The results suggest that the laboratory waters with higher contaminant concentrations may result in larger subtracted sum/average from sample concentrations, depending on the correction applied. This will result in underenumeration of contaminant particles reported in samples (Dawson et al., 2023). A full inventory of plastic components in a laboratory water filtering system coupled with chemical analysis of particles would reveal contaminant origins.
The age of the filter as well as pressure and volume of flow may also contribute to a greater number of contaminant particles. Based on these results, the authors strongly advise preliminary testing of filtered laboratory water before sample processing to ensure the lowest contaminant load. If microplastics are found in the filtered laboratory water, a LOD/LOQ must be established (Dawson et al., 2023). Results reported in this study should be considered to ensure negative controls serve their intended purpose: to quantify particles that are introduced during sample collection and processing.
An unfortunate limit to this test is the absence of chemical characterization of recovered particles. A list of plastic varieties isolated from a particular source reconciled with a complete inventory of plastic components in each system would have confirmed each contaminant's origins. Synthetic polymer fragments could originate from the filtering cartridge, tubing, or source water. However, the age of the system, the total volume of water filtered, and the pressure of piped water are variables that should be considered when measuring particle shedding. This study brings attention to the issue of potential contamination from filtered water, but identifying the absolute source is outside the scope of this investigation.
Filtering apparatus
Another important aspect of accurate reporting lies in running positive controls, which quantify the number of particles lost during sample collection and processing. Again, the critical review published by Koelman et al. found only 6.3% of microplastic research conducted adequate positive controls. According to this review, positive controls are limited in that they often isolate a single step in the analysis or only focus on a particular size range. Another shortcoming of positive controls is that they are run with an insufficient number of replicates, meaning a correction cannot be made. When they are effectively carried out, they examine recovery rates of a reference material that in size, morphology, and chemical composition represent the types of plastic expected in the sample. Typically, if a recovery rate is reported, it is rarely used to correct for lost particles.
This study examines the possible loss of contaminant particles by way of adhesion to labware during sample processing. Results show that very few particles are lost to the stir bar (0.73% of total recovered) and glass beaker (3.67% of total recovered) used during WPO and Nile red staining. A larger proportion (95.6%) was lost on the filtering apparatus as a whole, and the vast majority of that was in the filtering cup, or funnel, (89.01% of total recovered) as opposed to the filtering head, or base (6.59% of the total recovered). These results indicate that rinsing the stir bar and beaker with filtered water from a squeeze bottle is an effective technique to move contaminant particles.

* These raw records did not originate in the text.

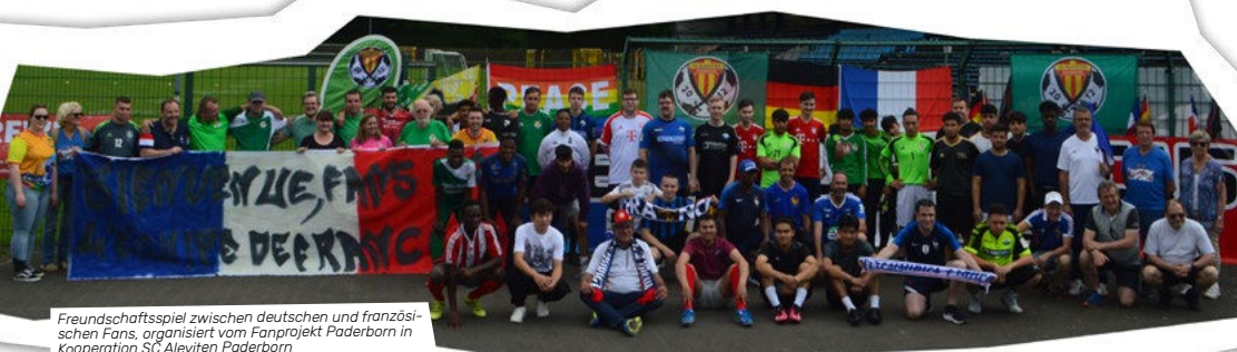
Freundschaftsspiel zwischen deutschen und französischen Fans, organisiert vom Fanprojekt Paderborn in Kooperation SC Aleviten Paderborn
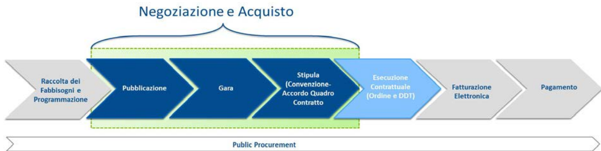
Figura 1: fasi del processo di public procurement
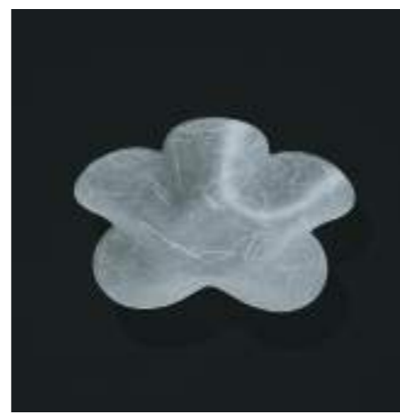
W260×D260×H50mm / 135g
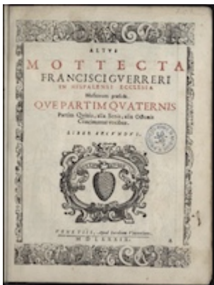
Mottecta... Liber secundus (Venecia: Giacomo Vincenzi, 1589) [G 4875]. Francisco Guerrero
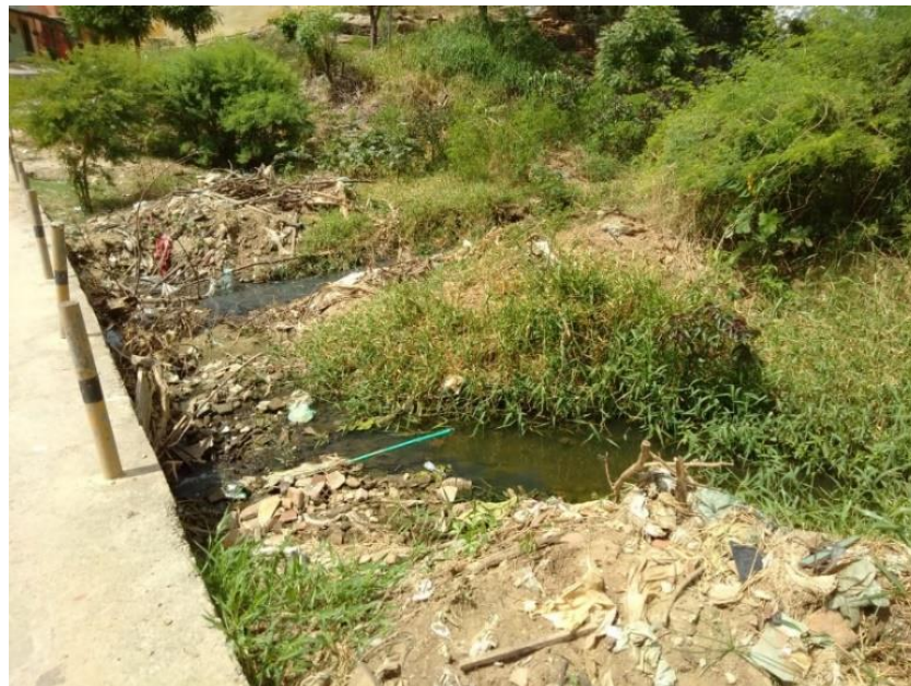
Figura 04. Ponte inacabada da Rua Antônio Tomé, com entulhos no Rio Canindé.

O que também chama bastante atenção são os amontados de materiais de construção, próximos de empreendimentos privados e públicos, que pode-se ver também dentro do rio, apontados visualmente na Figura 04.
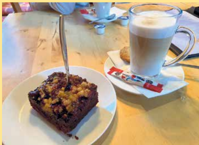
Kaffeepause an der Clemensberghütte

Uhr geöffnet, freitags und samstags auch bis 19.30 Uhr. Auf der Speisekarte befinden sich auch verschiedene Pastagerichte und vegetarische Gerichte zur Stärkung und Fortsetzung einer Wandertour. Die Bezahlung kann ganz flexibel in bar, per Karte oder mobil über Handy erfolgen. [BL]
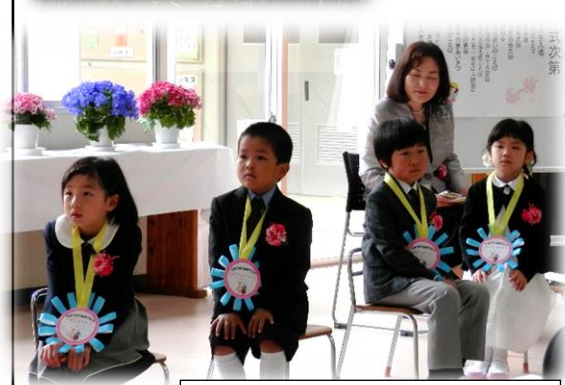
少し緊張気味の新入生

Since a stir bar has a small surface area and can be held with forceps and rinsed completely, it is not surprising that it had the lowest particle adherence. The beaker, while it has a larger surface area, can be held upside down over the funnel of the filtering apparatus and completely irrigated with a pressurized stream of filtered water. However, when it comes to the filtration apparatus, despite the vacuum force applied, it is common for particles to get trapped at the base of the filtering cup where it articulates with the polycarbonate filter. Excess rinsing with a vacuum seems to do little to keep some particles from preferring the vertical surface of the filtering apparatus to the polycarbonate filter once the lower and upper portion are disengaged.
A siloxane coating was applied to the inside of the reservoir top of the glass apparatus, but no change in particle adhesion was observed. It is possible that ethanol, with hydrophilic and lipophilic properties, may serve as an effective rinsing solution, although Yang et al. (2023) tested ethanol against four other types of filtered waters and it had the highest load of contaminants. The authors suggest that the bottom of the filtering cup be examined for wayward particles. If particles are found, they should be transferred to the filter if possible. If this is not possible, they should be counted and added to the total.

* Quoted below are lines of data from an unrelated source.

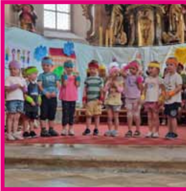
„Fit durch den Sommer“
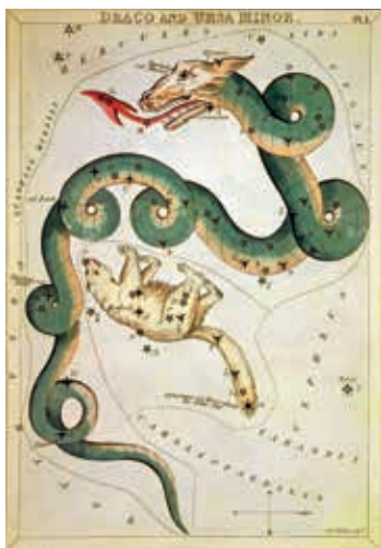
Constellation du dragon et de la Petite ourse
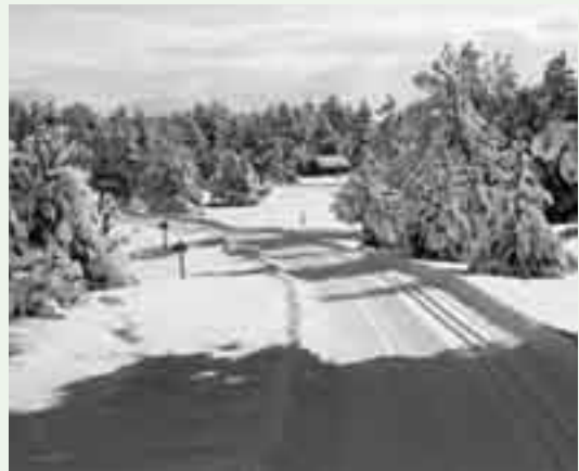
Guils - Fontanera

Els monitors de la sortida són els mateixos que porten la casa de colònies d'Oliola (Pons), on aniran aquest final de curs els alumnes de 2n d'ESO per fer esports d'aventura.
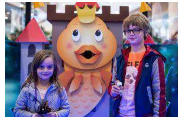
Centrum Riviera - "3 MAMY SIĘ ŚWIETNIE" - Mayland Real Estate Sp. z o.o.
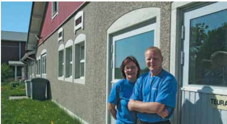
Ylä-Savossa tapahtuu! s. 8-10
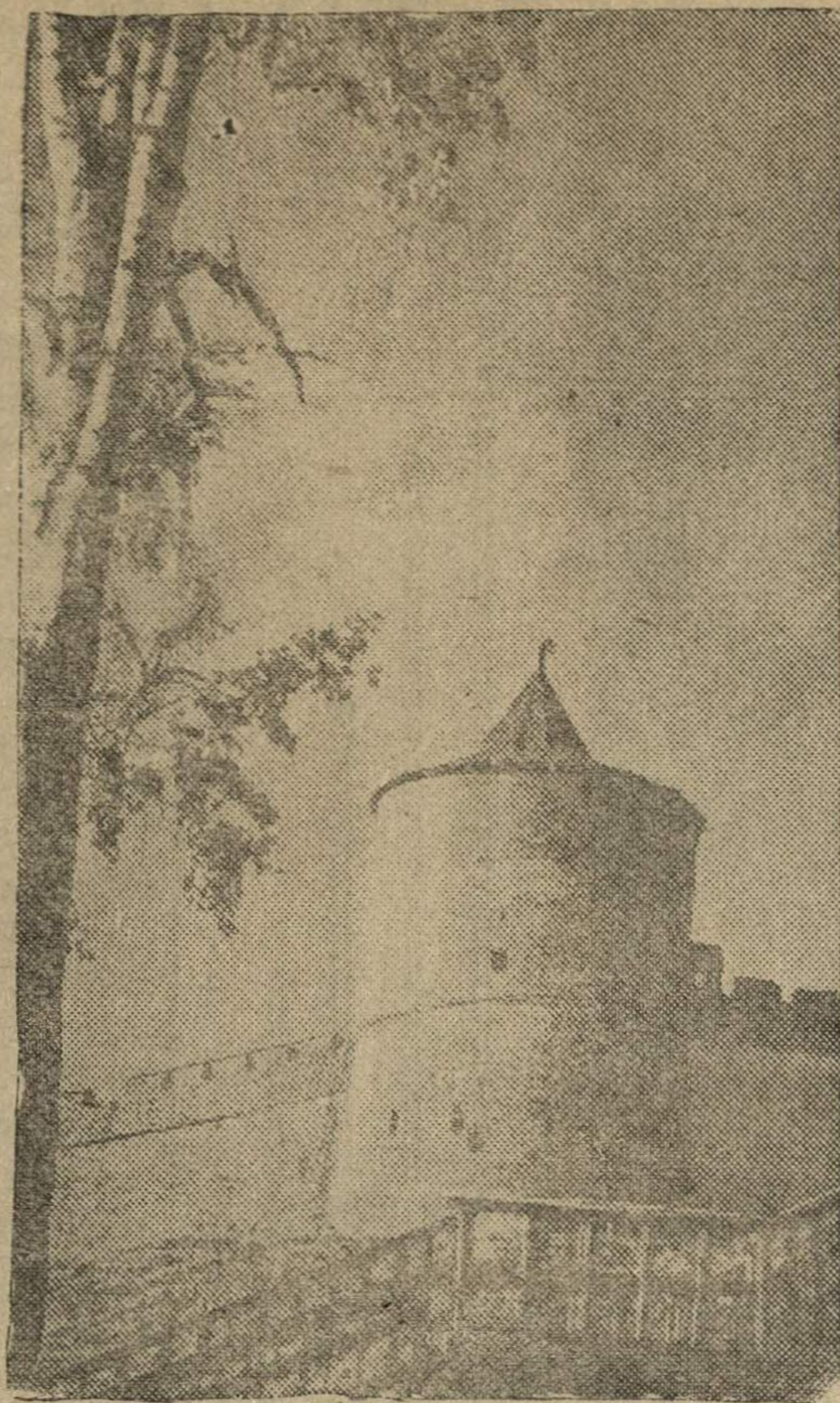
Город Горький. Кремлевская башня.

Based on morphology, results show that symmetrical fragments were least likely to be lost to adherence, making up only 15% of total particles lost. Adherence of the other two morphologies, irregular fragments and fibers, was evenly split at 42.1% and 42.9% of total particles recovered, respectively.
This difference is possibly linked to the smaller size and shape of all fibers, which are uniformly 19.3 μm in diameter, and some irregular fragments, which varied in size and dimension (Supplementary Fig. S1). There were also differences between the three standard morphologies and their affinities to particular laboratory equipment. No fiber was found adhered to the stir bar and the beaker. Irregular fragments were 7 × more likely than symmetrical fragments and fiber to adhere to the filtering head. However, fibers were the most likely to adhere to the filtering cup, 1.2 × more likely than irregular fragments and 3.5 × more likely than symmetrical fragments. The dimensions of the surface area and possibly the rigidity of the fiber standards used in this study may contribute to their being trapped at the base of the filtering cup.

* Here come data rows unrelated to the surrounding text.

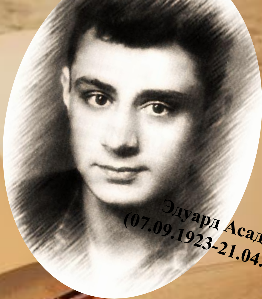
Эдуард Асадов (07.09.1923-21.04.2004)

Меж стиснутых пальцев желтела солома, Поодаль валялся пустой автомат, Лежал на задворках отцовского дома Осколком гранаты убитый солдат.
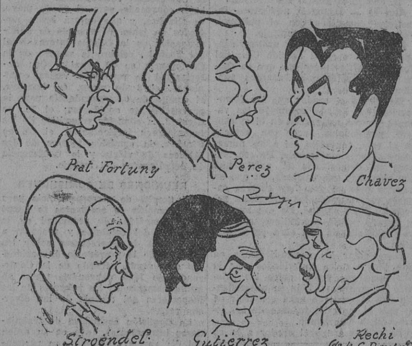
FIGURAS DEL CONGRESO DE LA UNION FERROVIARIA, por nuestro dibujante Rody

Sobre el vestuario de los guardas también reclamó la comisión directiva para que se establezca las mismas condiciones de las empresas particulares. También se interesó la comisión direc-
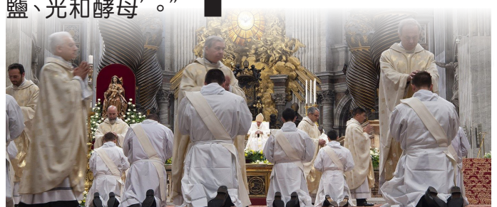
聖伯多祿大殿內的祈禱團體

“凡是傾聽天主召叫的人，不能無視那些被排斥、受傷和被遺棄的兄弟姐妹的呼聲。每一種聖召都開啟了一項使命，那就是在最需要光明和安慰的地方成為基督的臨在。尤其是平信徒，他們蒙召透過社會和職業的奉獻，成為天國的‘鹽、光和酵母’。” ■
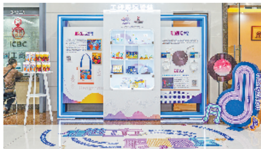
与亚运结缘，工行“亚运驿站”搭建更加多元化服务生态。
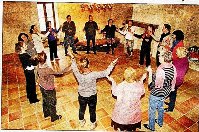
Déroulement d'un atelier à la tour du Lhyan.
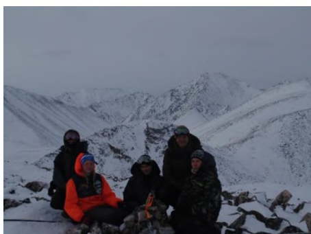
У тура пер. Панорамный 1А, 1972

Для прохождения перевала требуются лыжные палки, кошки.
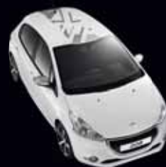
STREET GRIGIO SIDOBRE

This study also included a comparison between two filtering apparatuses, one glass and one steel. The mechanism that holds the cup and head of the steel apparatus together is tighter and more secure than the glass, which is held together with an aluminum spring clamp. Glass filters may also have chips or imperfections in the surface where the two parts articulate, creating small gaps or cracks, giving particles the opportunity to migrate beyond the polycarbonate filter. As stated in the results, there was no significant difference found between the two filtering setups for the fiber and symmetrical fragment morphology, but a higher recovery was seen in the steel apparatus compared to glass when it involved the irregular fragment morphology. Of the three morphologies tested, fragments were the least uniform in both size and shape.
While the standard particles in this study represent three distinct morphologies, this testing is limited in that they do not represent a wide range of sizes. The purpose of this investigation is to show that particle adherence to labware occurs and that frequency may be dependent on particle morphology and the type of laboratory implement. Before investigating a new media, it is important to become familiar with the size, shape, and types of synthetic polymers encountered through preliminary tests. Once this is known, standard particles that best represent those found in environmental samples can be used to run positive controls. If a significant number of particles are lost during these positive control tests and effective improvements cannot be made, then losses should be quantified and accounted for in the final reporting.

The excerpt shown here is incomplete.